'''
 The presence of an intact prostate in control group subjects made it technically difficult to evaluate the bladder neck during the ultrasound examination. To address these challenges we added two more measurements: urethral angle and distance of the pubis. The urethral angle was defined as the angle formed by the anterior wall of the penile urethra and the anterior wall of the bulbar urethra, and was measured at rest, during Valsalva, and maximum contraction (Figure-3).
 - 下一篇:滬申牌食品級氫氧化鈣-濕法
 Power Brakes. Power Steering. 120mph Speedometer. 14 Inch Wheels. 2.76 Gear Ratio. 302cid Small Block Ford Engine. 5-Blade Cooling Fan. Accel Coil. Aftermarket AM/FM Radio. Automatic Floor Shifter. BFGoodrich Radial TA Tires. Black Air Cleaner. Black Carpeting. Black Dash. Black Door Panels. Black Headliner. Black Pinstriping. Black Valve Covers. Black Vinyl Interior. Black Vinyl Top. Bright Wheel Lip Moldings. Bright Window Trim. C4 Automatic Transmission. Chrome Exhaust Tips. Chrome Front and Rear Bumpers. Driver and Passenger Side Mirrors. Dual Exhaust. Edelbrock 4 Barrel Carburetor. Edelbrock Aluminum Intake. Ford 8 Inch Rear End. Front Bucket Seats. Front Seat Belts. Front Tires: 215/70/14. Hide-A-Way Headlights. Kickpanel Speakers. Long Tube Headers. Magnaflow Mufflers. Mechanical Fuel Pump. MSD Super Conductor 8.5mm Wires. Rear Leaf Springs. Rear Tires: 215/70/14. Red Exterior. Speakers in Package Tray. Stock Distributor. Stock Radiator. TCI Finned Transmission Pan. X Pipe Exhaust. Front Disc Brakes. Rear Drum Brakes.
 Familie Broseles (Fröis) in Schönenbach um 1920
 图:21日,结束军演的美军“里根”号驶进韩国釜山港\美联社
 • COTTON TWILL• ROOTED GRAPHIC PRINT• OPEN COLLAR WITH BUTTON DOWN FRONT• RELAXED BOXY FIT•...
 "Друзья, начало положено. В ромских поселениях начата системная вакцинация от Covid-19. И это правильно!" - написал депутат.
'''
GOAL OF THE EXERCISE:
Write out precisely the lines from the one holding "RELAXED BOXY FIT•..." through the end of the material, including both of those ends.

EXERCISE ANSWER:
 • COTTON TWILL• ROOTED GRAPHIC PRINT• OPEN COLLAR WITH BUTTON DOWN FRONT• RELAXED BOXY FIT•...
 "Друзья, начало положено. В ромских поселениях начата системная вакцинация от Covid-19. И это правильно!" - написал депутат.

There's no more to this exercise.